In our experience, closing that gap comes down to four things: evaluation, decision logs, accountability, and specificity to the individual.

Evaluate the outputs, not just the inputs.

AI is only as trustworthy as the infrastructure that checks it. In Sherpa’s case, government travel requirements change constantly, often with little notice. Our update process is three-pronged. AI enables us to proactively monitor updates at scale, but each update is then verified through relationships with over 360 governments and a human-in-the-loop to corroborate the change.

AI then updates the system, enabling us to deliver changes to travel requirements and visa documentation as close to real time as possible. Even these updates are continuously evaluated, testing AI outputs against known correct answers to spot hallucinations early. Every AI agent we deploy responds only from controlled, up-to-date context rather than general training data. This is called grounding, and it is what prevents a system from inventing requirements that do not exist or from presenting outdated information as fact.

We’ve found a balance between speed, scale, and accuracy with our evaluation process, and it seems to be working. We update requirements faster than any competitor 92 percent of the time and can stand behind the accuracy of what we publish.

In a sector where bad information means a denied boarding or a wasted application fee, hallucination is not an edge case. Evaluation, at every data layer, is the first line of defense.

Log the decisions.

When something goes wrong in a human-advised booking, there is a trail. An agent said something at a specific time, based on information available at that moment. That traceability is what accountability rests on. AI systems need the same.

PhocusWire argued recently that the moats OTAs built on, brand trust and loyalty, may not survive the agentic shift. But arguably, they’ve set the baseline for the expectations AI has to meet. Furthermore, there’s an argument that loyalty may be a decider: if all travel operators roll out AI agents, wouldn’t you assume the company you’ve trusted for years will do it best?

AI can feel like a black box, with limited transparency around how decisions are made and why. Every response from our LLM endpoint includes source citations and timestamps, so agents and travelers can check what was recommended, when, and against which data. If a requirement changed after a booking was made, that record shows it. If a traveler received incorrect guidance, you can see exactly why.

Most AI systems in travel today put accountability in the terms and conditions instead. The AI surfaced information; what you did with it is your responsibility. That is a reasonable legal position. As a trust-building strategy, it falls short.

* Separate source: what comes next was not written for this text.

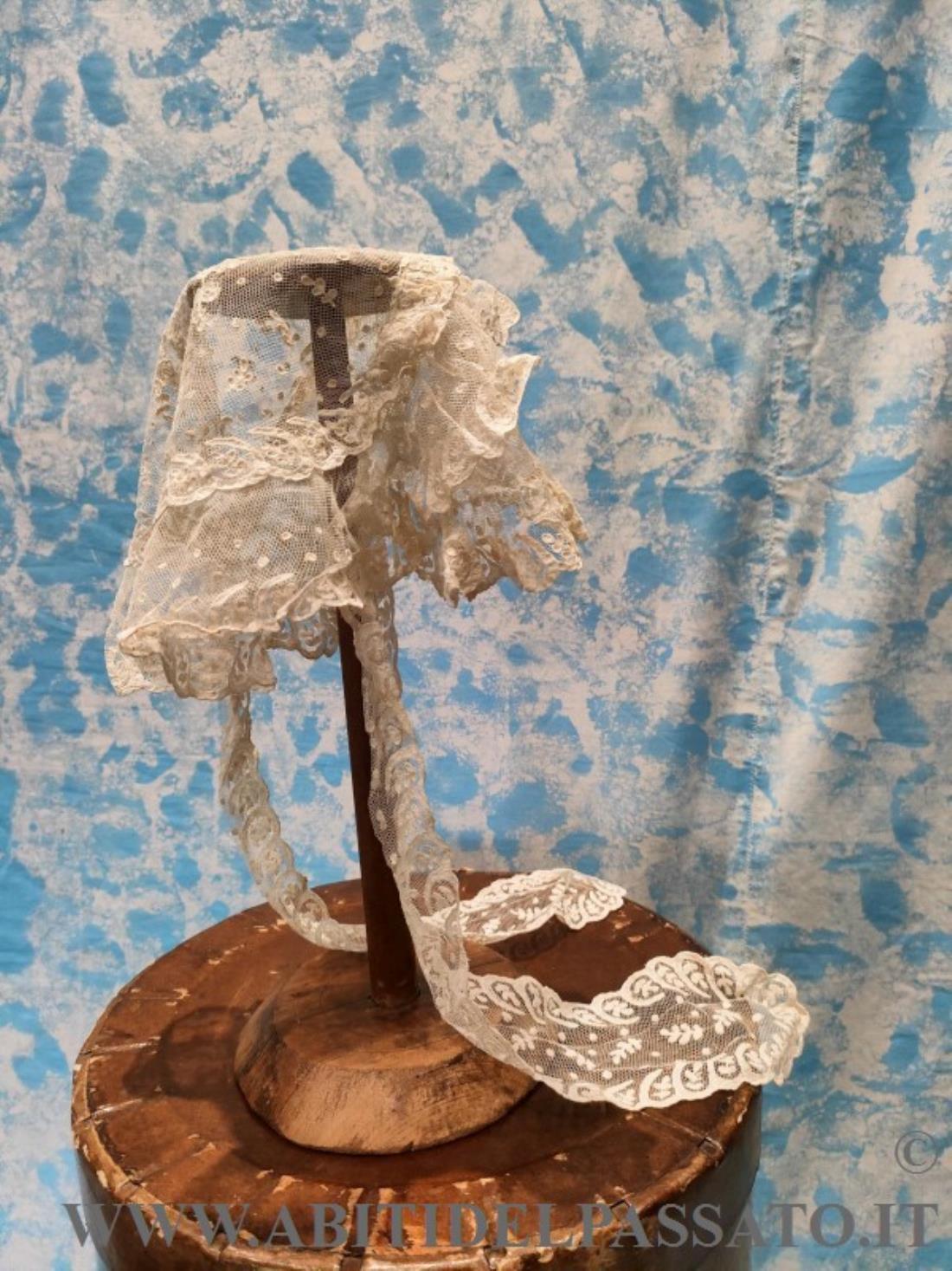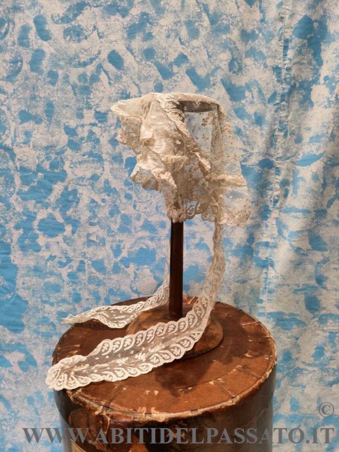 1870-1880 CIRCA, MANIFATTURA ITALIANA, PROVENIENZA CITTA' DI BERGAMO, PER QUESTA CUFFIA DA CASA, REALIZZATA IN MERLETTO MECCANICO DI COLORE BIANCO. UN ELASTICO PER BLOCCARLA ALLO CHIGNON E' POSTO NELLA PARTE POSTERIORE.
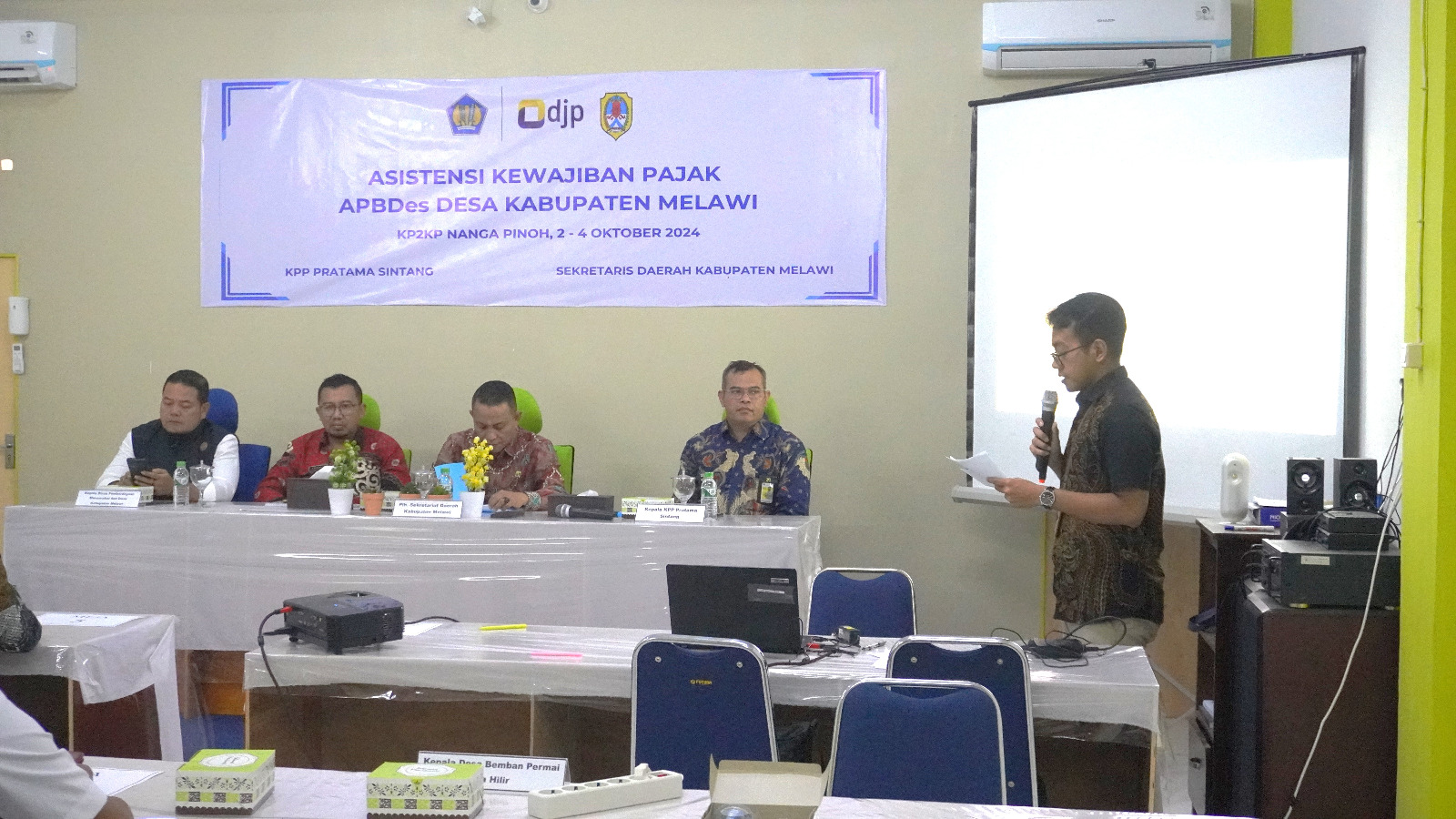 Kepala Kantor Pelayanan, Penyuluhan, dan Konsultasi Perpajakan (KP2KP) Nanga Pinoh bersama dengan Kepala Seksi Pengawasan IV Kantor Pelayanan Pajak (KPP) Pratama Sintang melaksanakan sosialisasi perpajakan kepada para perangkat Desa Kabupaten Melawi di Ruang Aula KP2KP Nanga Pinoh, Kabupaten Melawi (Jumat, 7/10).

Design accountability in, not out.

Under the EU AI Act, any AI system where decisions meaningfully affect individuals must offer a path to human review. For travelers dealing with unusual document requirements, complex itineraries, or edge cases no training data covers, that means a real person to escalate to. Our own AI chatbot works this way by design. It answers common questions, shows application status, and provides the requirements relevant to their trip. When it reaches its limit or a traveler requests a person, it creates a support ticket that is routed directly to a human agent.

When errors do happen, we stand behind our customers and work to make it right. For travelers who want an explicit safety net, our reapply protection lets them claim a free reapplication if something goes wrong; escalations are handled by a human, and the AI steps discussed earlier help the conversation run smoothly. The airlines and OTAs building trust in the agentic era are taking the same approach: building the human handoff in from the start, and prepared to stand behind the outcome when their AI gets it wrong.

One question we ask ourselves about our agentic flows is: where’s the hard stop? Where do we not trust it to go, or believe the guardrails aren’t in place? For us, read-only is a design choice, not a limitation.

Our LLM layer surfaces requirements, documents, and timelines. It cannot initiate an application or make a booking on a traveler's behalf. The personal data in a visa application- passport details, travel history, personal circumstances- is sensitive enough that routing it through an autonomous AI layer without explicit human confirmation introduces risk we are not willing to take. The traveler retains control over that decision.

Get specific to the traveler.

AI can learn a great deal about an individual traveler and tailor its responses accordingly. The level of specificity it can achieve at scale is what agentic travel AI wants to harness. Its ability to personalize an experience is where agentic AI’s strengths sit today; what it can’t yet do is account for taste- that’s the human layer still.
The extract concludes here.